What’s Up With the Ending?

There are multiple plausible "endings" to The Black Prince, so our final parting from the story is almost as long as what Peter Jackson gives us in The Return of the King. There's the ending that comes at the conclusion of Bradley Pearson's narrative, "The Black Prince," and then there's the ending that follows when Bradley puts the final cap on his story in the postscript that follows the text. On top of all that, there's the postscript by P. Loxias, which is the section that formally closes the book.

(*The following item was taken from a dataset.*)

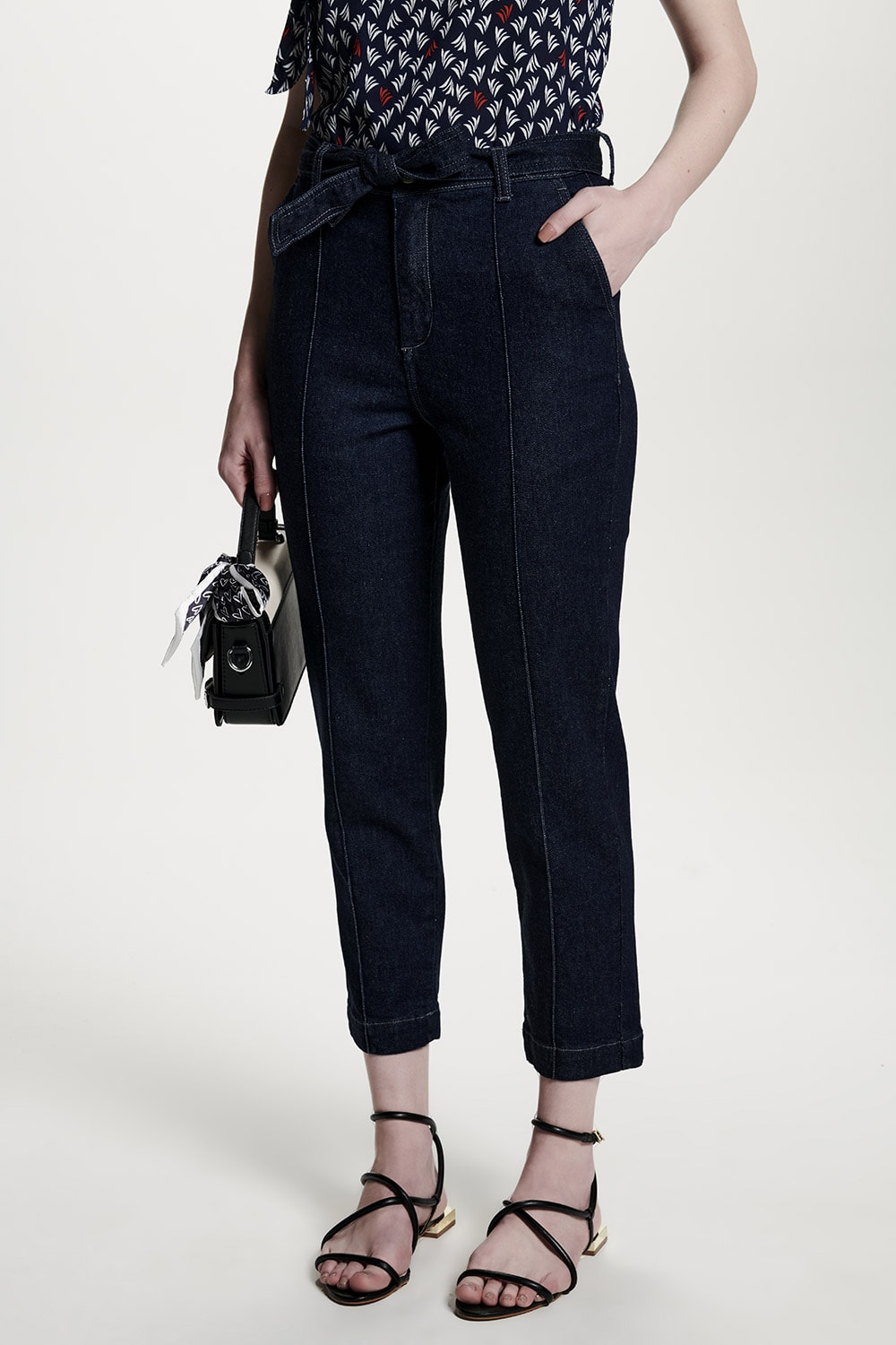 A calça jeans com faixa para amarrar e modelagem cigarrete é uma peça que traz o toque de estilo e personalidade. Perfeita para diversas ocasiões fica ainda mais versátil por estar nessa lavagem amaciada.

Shmoop is going to make things simple by treating the very end of P. Loxias's postscript as the very end of the book. After all, as Loxias himself tells us in his foreword to Bradley Pearson's story: "I have reserved for myself the last word of all, the final assessment or summing up" (Editor's Foreword: par. 3). Loxias obviously places high importance on having the last word, so we'll do him the credit of honoring his wishes.

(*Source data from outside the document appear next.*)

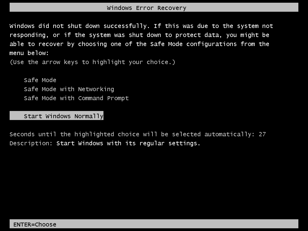 A noter qu’au premier démarrage des nouveaux systèmes, Windows va vous prévenir qu’il n’a pas pu démarrer correctement, ce qui est normal.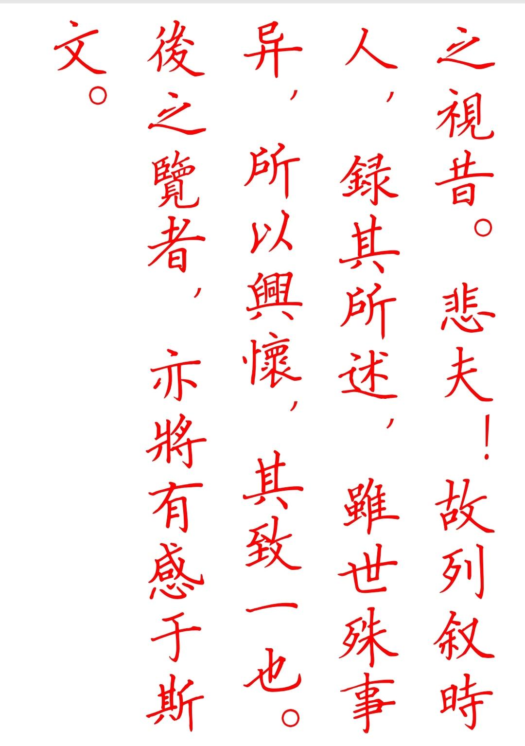硬笔楷书《兰亭序》和释文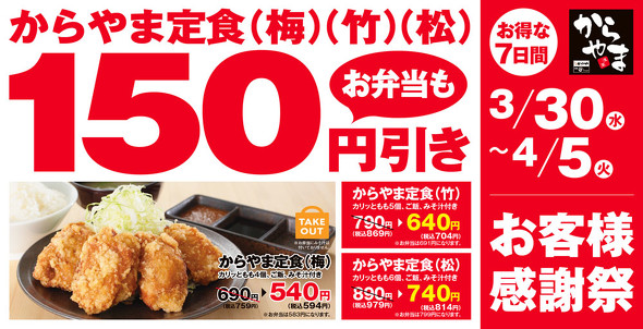 唐揚げ専門店「からやま」(運営:エバーアクション)は、3月30日〜4月5日の7日間、「お客様感謝祭」を開催します。期間中、定番の「からやま定食」が150円引きのお得な価格で楽しめます。
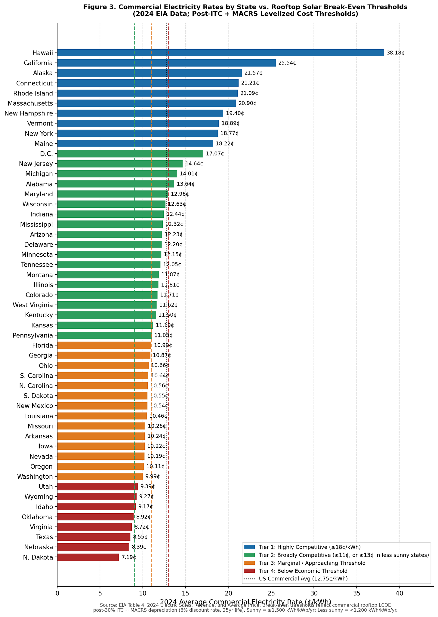 Figure 3. 2024 EIA average commercial electricity rates by state versus post-ITC + MACRS rooftop solar break-even thresholds. States above 18¢/kWh (Tier 1, blue) are highly competitive regardless of incentive access. States 11–18¢/kWh (Tier 2, green) are broadly competitive with standard ITC/MACRS incentives. Source: EIA Table 4, 2024.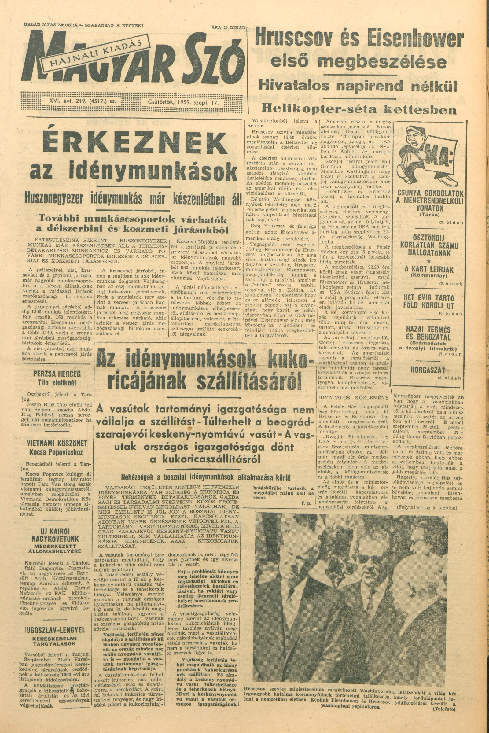 Magyar Szó, 16. évf. 1959. szeptember 17. 219. sz. 1–22. oldal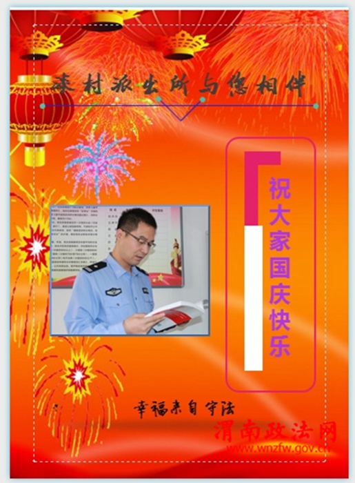 渭南政法网(特约通讯员 苏亮)2016年国庆节一大早,淡村派出所利用新媒体,通过辖区微信安全群、QQ群向辖区居民送去祝福,强调节日安全。截止10月1日下午18点,淡村派出所制作的《欢度国庆,与您相伴》小视频,已被转发3900余次。通过新媒体,淡村派出所将民警和公安机关的祝福送进千家万户,进一步拉近了警民关系。

After all, Shmoop isn't about to anger a god, or someone who may be a god.

So, anyway, how does P. Loxias draw The Black Prince to a close? By doing two things:

  • commenting (vaguely) on his true identity;
  • offering final remarks on the nature and value of art.

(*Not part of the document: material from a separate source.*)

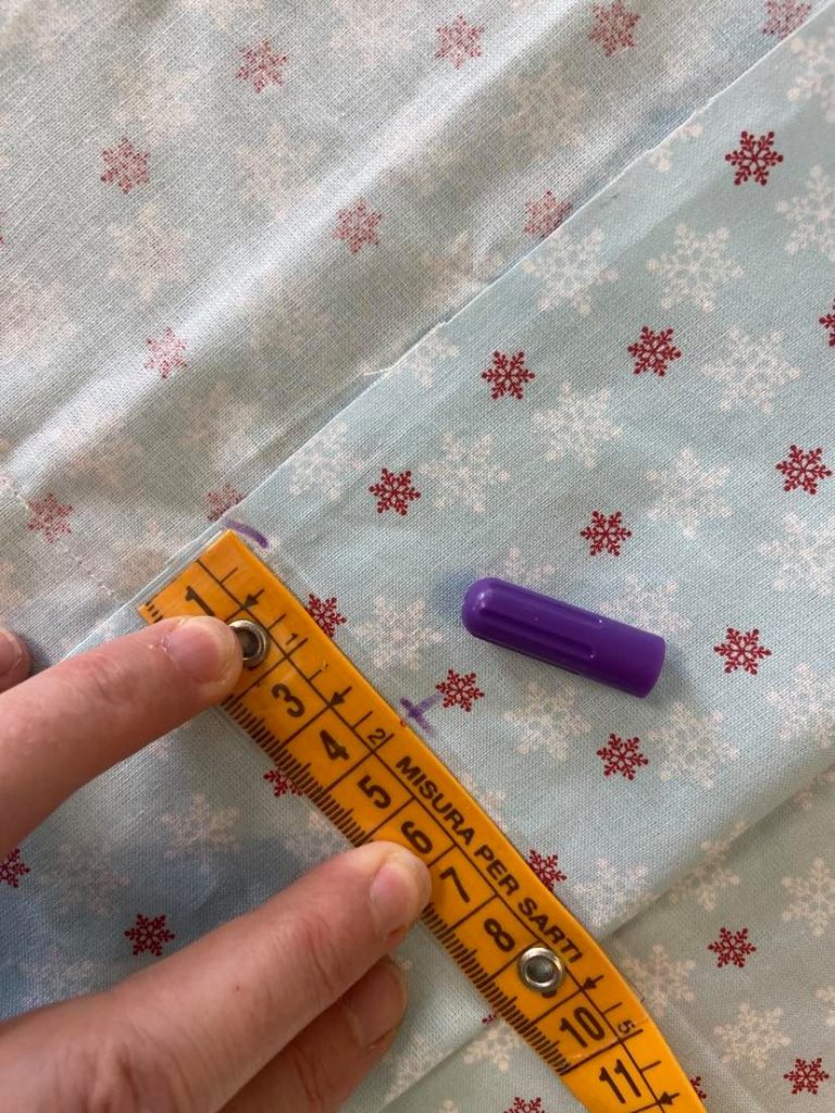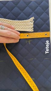 - A vállpántot a táska tetejétől 8 cm-re, a közepétől 7 cm-re helyezzük el.

Loxias's final paragraph gives us the final clues we need to understand that he's either the god Apollo incarnate or, depending on your point of view, a person who either believes that he's Apollo or is pretending to be Apollo for some strange reason of his own. Loxias's final words are certainly in keeping with what a god might say about one of the things associated with his name:

Here upon the desk as I write these words stands the little bronze of the buffalo lady. (The buffalo's leg has been repaired.) Also a gilt snuff box inscribed A Friend's Gift. And Bradley Pearson's story, which I made him tell, remains too, a kind of thing more durable than these. Art is not cosy and it is not mocked. Art tells the only truth that ultimately matters. It is the light by which human things can be mended. And after art there is, let me assure you all, nothing. (Editor's Postscript: par. 11)

Are these great and terrible words from a great and terrible godhead, or are they the self-serving delusions of a lunatic or liar?

We'll leave that one for you to decide.